Se prenant par la main, les deux jeunes femmes remontèrent l’escalier en courant et en riant tandis que Luca criait :

– Permets-moi de venir te voir, Fiora ! Il faut que je te parle ! Dis-moi que je peux venir !

Se penchant sur la rampe, l’interpellée lança :

– Je ne suis pas chez moi. Et puis, je n’ai pas envie de te voir !

Cette déclaration définitive n’empêcha pas Luca de revenir dans la journée, mais Fiora refusa de le recevoir et de même le lendemain. Elle cherchait à comprendre pourquoi ce garçon, jadis son chevalier servant et dont elle acceptait les hommages parce qu’il était beau et décoratif mais sans lui rendre ses sentiments, tenait tellement à se rapprocher d’elle à présent. D’autant que, d’après Chiara, il était marié et père d’un enfant.

– Si je commence à entretenir des relations avec tous les hommes mariés de la ville, ma réputation sera vite en morceaux, confia-t-elle à Chiara. D’autant que je n’ai aucune envie de lui parler.

Cette fois, le beau temps était revenu et s’installait à la satisfaction générale, bien que les gens sérieux se fussent refusés à voir une relation quelconque entre les caprices du ciel et la dépouille mortelle de Jacopo Pazzi. Qui, d’ailleurs, avait définitivement quitté Florence par la voie du fleuve où le gonfalonier de justice l’avait fait jeter du haut du pont Rubaconte.

Ce jour-là, les deux amies qui sortaient volontiers dans Florence enfin redevenue paisible décidèrent de monter à San Miniato. Le temps des aubépines et des violettes était passé, mais Fiora et Chiara montraient la même prédilection pour cet endroit charmant d’où l’on découvrait, sur Florence, la plus belle vue de toute la région. Les averses récentes n’avaient pas causé de grands dégâts autour de la vieille église et du palais des évêques. De fiers cyprès noircissaient le haut de la colline, telle une barrière se dressant contre l’assaut de la végétation que trois jours de soleil avaient rendue à l’exubérance.

Du haut de la petite terrasse de l’église, les deux jeunes femmes contemplèrent un moment la ville étalée à leurs pieds et irisée par une légère brume annonciatrice de chaleur. Le parfum des herbes, de la mélisse, de la menthe et du fenouil montait des potagers situés plus bas. L’air était d’une douceur exquise et, dans le grand ciel bleu, les hirondelles passaient comme de minces flèches noires.

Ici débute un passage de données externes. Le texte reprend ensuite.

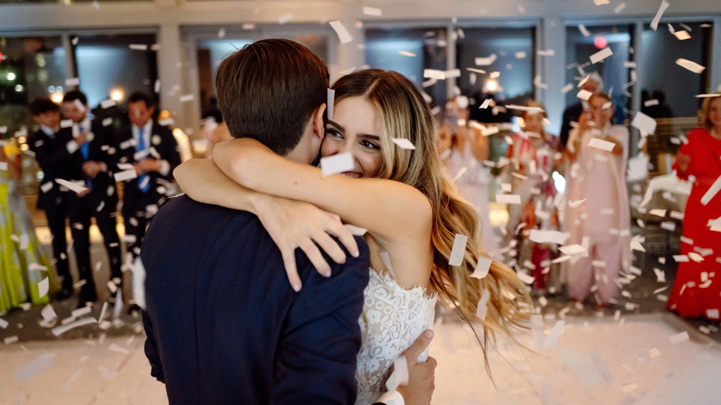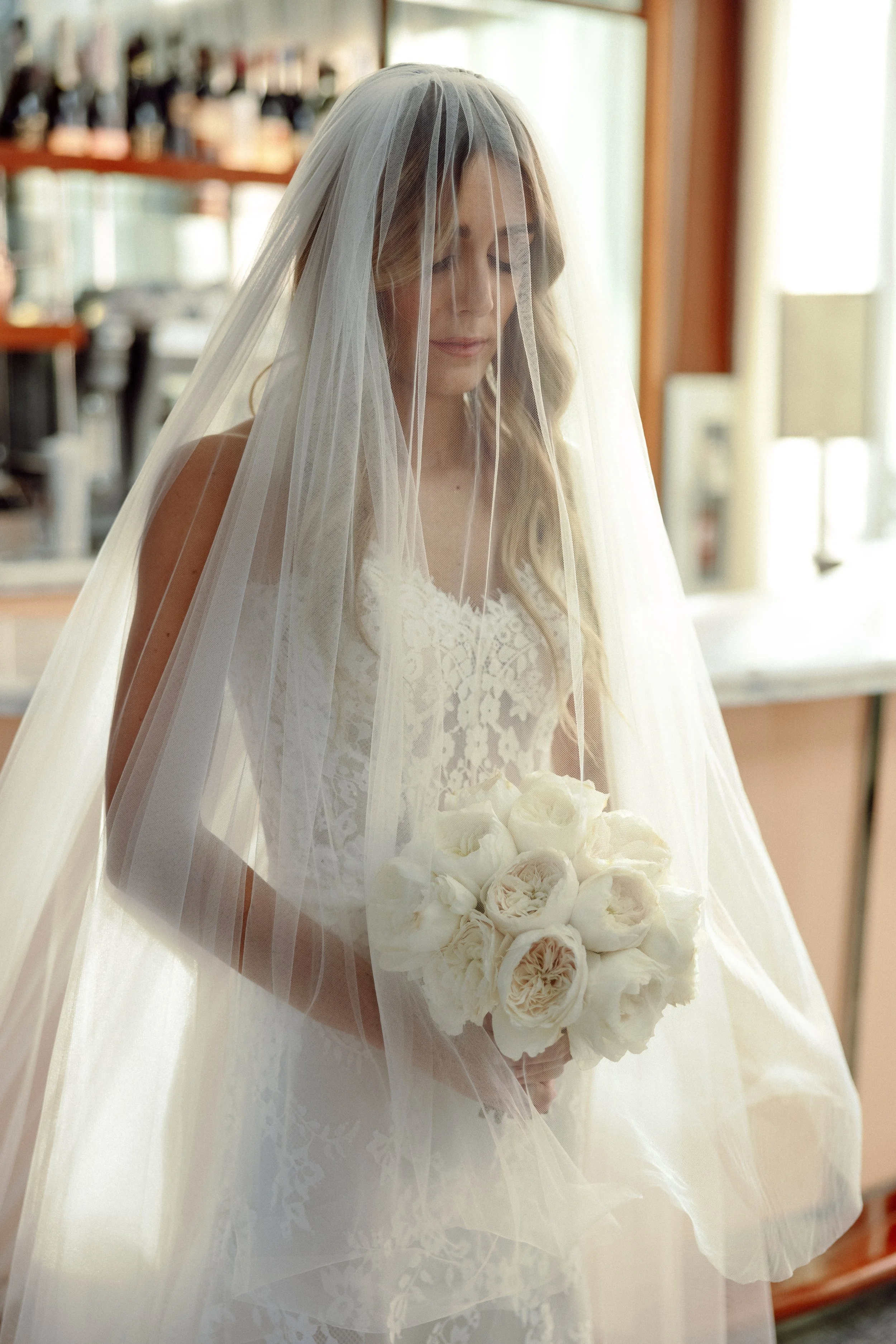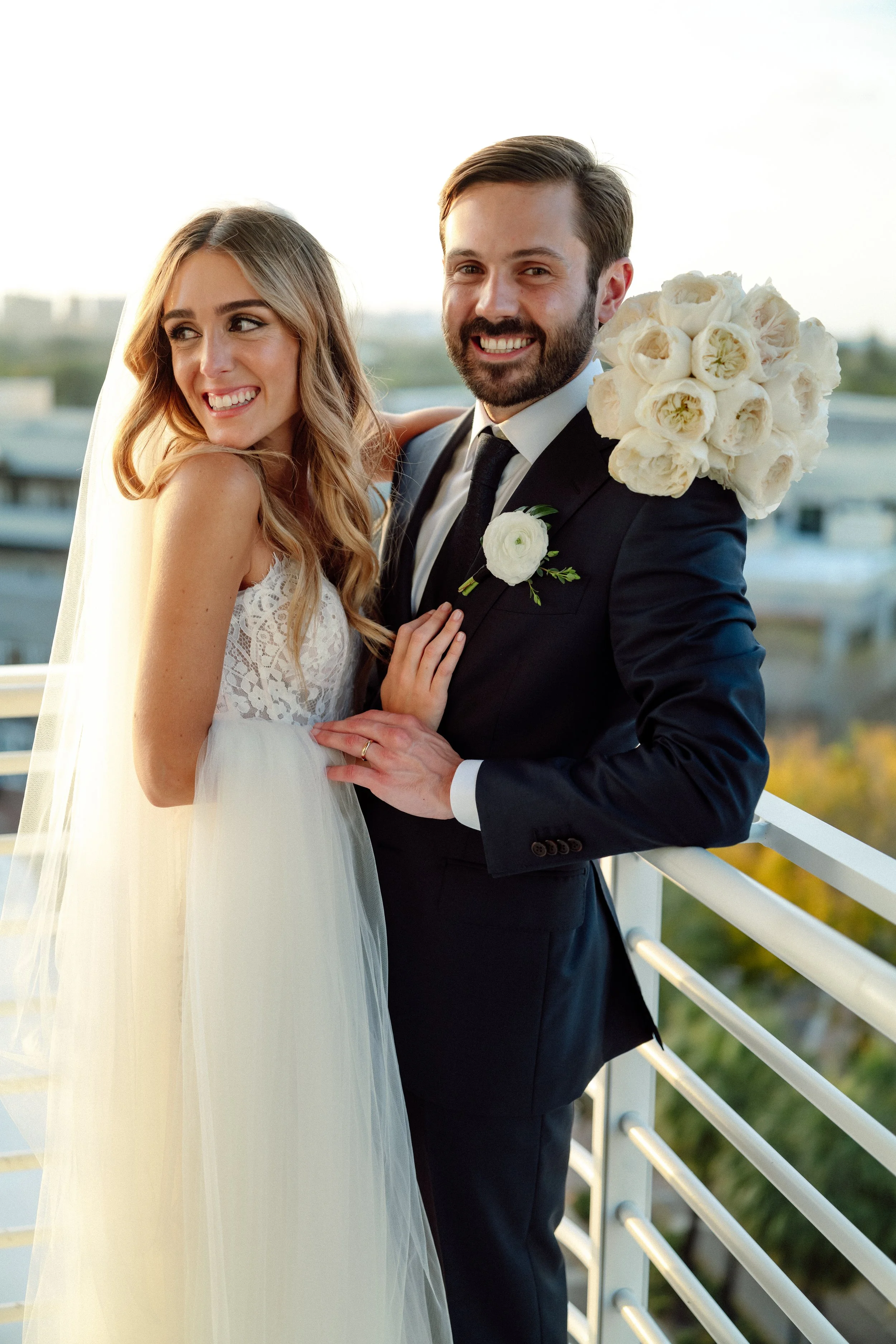 A joyous bride with a romantic sense of style. A perfect intimate wedding at Mr. C's in Coconut Grove.

Assise dans l’herbe sous un pin dont elle mâchonnait une aiguille sèche, Fiora s’engourdissait dans le plaisir de cet instant où elle retrouvait la ville qu’elle aimait, où elle pouvait sans arrière-pensée se laisser envahir par sa grâce et sa beauté. Ni Chiara ni elle-même n’éprouvaient le besoin de parler, sûres de l’accord paisible où voguaient leurs esprits. Installée un peu plus loin, Colomba donnait, adossée à un arbre, le nez sur son vaste giron.

Fiora envisageait d’imiter la gouvernante quand une ombre s’interposa entre elle et le paysage. Elle sursauta en reconnaissant Luca Tornabuoni qui venait de mettre genou en terre devant elle pour être à sa hauteur. Tout de suite irritée, sa réaction fut immédiate :

– Va-t’en ! Je t’ai dit que je ne voulais plus te voir !

– Un instant, Fiora ! Rien qu’un instant ! Je sais que tu m’en veux...

– T’en vouloir ? J’avais même oublié ton existence. Ce n’est pas une bonne idée de m’en faire souvenir !

– Ne sois pas si dure ! Je sais que je me suis mal conduit envers toi mais j’en ai tellement souffert par la suite...

– Souffert ? Tu ne sais même pas ce que cela veut dire. Il n’y a qu’à te regarder pour voir combien tu as pâti de ces dernières années : tu affiches une mine superbe, une belle prospérité, et tu as une jeune épouse et un fils, m’a-t-on dit ? En vérité, tout cela est à verser des larmes.

– Laisse-moi au moins plaider ma cause ! Chiara, je t’en prie, accorde-moi un instant de solitude avec elle.

Mais celle-ci, au lieu de s’éloigner, s’étendit de tout son long dans l’herbe :

– Ma foi, non ! Je suis trop bien. De toute façon, elle n’a pas envie de t’écouter. Elle n’aime pas les pleutres.

– Je n’en suis pas un et vous le savez bien, toutes deux ! En tournoi, je me bats vaillamment.

– C’est à la portée de n’importe quel imbécile pour peu qu’il ait des muscles, de bonnes armes et un cheval bien dressé, coupa Fiora. Ce n’est pas cela, le courage.

– Que devais-je faire, alors ? Affronter seul une foule en colère ? C’était effrayant...

– Tu crois que je ne le sais pas ? Ce que tu devais faire ? Venir à moi, me tendre cette main secourable dont j’avais tant besoin. Rester à mes côtés. Mais tu t’es enfui comme un lapin poursuivi. Sans Lorenzo...

– Qu’a-t-il fait de si extraordinaire, mon cousin ? Il pouvait te sauver et il n’a pas agi, fit Luca avec aigreur.

– Il a fait beaucoup plus que tu ne l’imagines et si je suis vivante à ce jour, c’est à lui que je le dois.

– Tu l’en paies royalement, si j’en crois ce que l’on dit ? Tu es devenue sa maîtresse.

– C’est tout à fait exact, mais je ne vois pas en quoi cela te regarde ?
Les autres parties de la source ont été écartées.